**** Input data
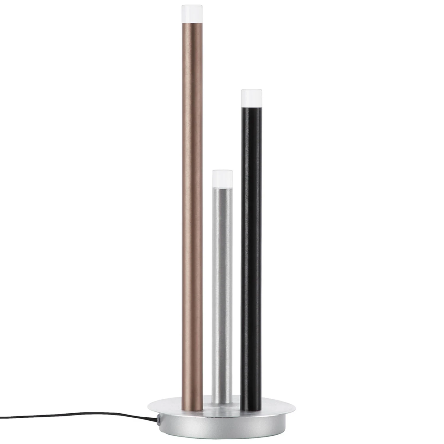 La lampe à poser LED Cembalo séduit dès le premier regard par ses formes géométriques et ses couleurs. Composée de trois colonnes de différentes hauteurs chacune surmontée d’une lumière LED, cette lampe de table attire tous les regards. La finition en aluminium, brun et café affiche un aspect harmonieux et crée une ambiance lumineuse agréable et chaleureuse.
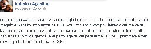 Μία από τις πιο ευτυχισμένες μέρες της ζωής της έζησε το περασμένο Σάββατο η Κατερίνα Αγαπητού αφού μετά τον πολιτικό γάμο της με τον Κρίστιαν Ονουφρίου ανέβηκαν μαζί και τα σκαλιά της εκκλησίας. Η ίδια θέλησε να ευχαριστήσει τα άτομα που βρέθηκαν κοντά της εκείνη την μέρα ενώ μίλησε και με τρυφερά λόγια για τον άντρα της ζωή της. Δείτε τι έγραψε στον προσωπικό της λογαριασμό στο facebook:
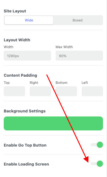 Navigate to Appearance > Customize > Layout & Styles > Layout Setting then Enable Loading Screen
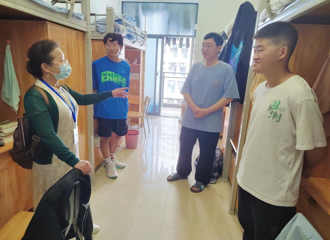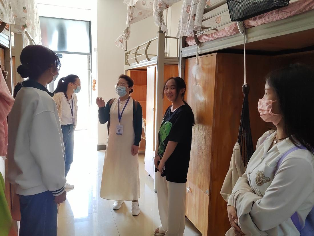 伍友琴来到寝室,了解同学们的适应情况,亲切地问候同学们:“你们来自哪儿?”“你们在这里有什么不适应的吗?”“在学习上有什么困难吗?”“如果有什么困难和班长反馈,学院会帮助解决。”这些无微不至的问候让同学们感受到了如家人般的关怀。接着她语重心长地告诉同学们要转变学习方式,做好学业规划,一步一个脚印地走下去,向着考研的目标努力奋斗。现在疫情形势严峻,提醒同学们继续做好疫情防控,共同打赢这场抗疫战,尽量做到少网购、少出校,在公共场所一定要佩戴好口罩;做好个人防护与卫生,个人物品要分类整理,保持整洁,营造一个舒适的寝室环境;在学好专业知识的同时,要积极锻炼,做到学习与锻炼两不误,把自己的时间合理安排,多学本领,度过充实而快乐的大学四年。
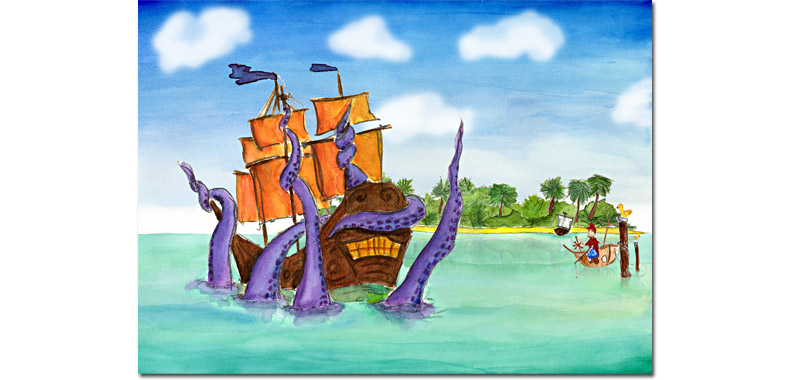 Ocean backdrop paintings for pirates themed soft-shooter and other activities
********
# Exercise brief
Every line from the one containing "伍友琴来到寝室,了解同学们的" through the last line of the data, both included, is to be repeated exactly; the pictures are to be left out.

# Written answer
 伍友琴来到寝室,了解同学们的适应情况,亲切地问候同学们:“你们来自哪儿?”“你们在这里有什么不适应的吗?”“在学习上有什么困难吗?”“如果有什么困难和班长反馈,学院会帮助解决。”这些无微不至的问候让同学们感受到了如家人般的关怀。接着她语重心长地告诉同学们要转变学习方式,做好学业规划,一步一个脚印地走下去,向着考研的目标努力奋斗。现在疫情形势严峻,提醒同学们继续做好疫情防控,共同打赢这场抗疫战,尽量做到少网购、少出校,在公共场所一定要佩戴好口罩;做好个人防护与卫生,个人物品要分类整理,保持整洁,营造一个舒适的寝室环境;在学好专业知识的同时,要积极锻炼,做到学习与锻炼两不误,把自己的时间合理安排,多学本领,度过充实而快乐的大学四年。
 Ocean backdrop paintings for pirates themed soft-shooter and other activities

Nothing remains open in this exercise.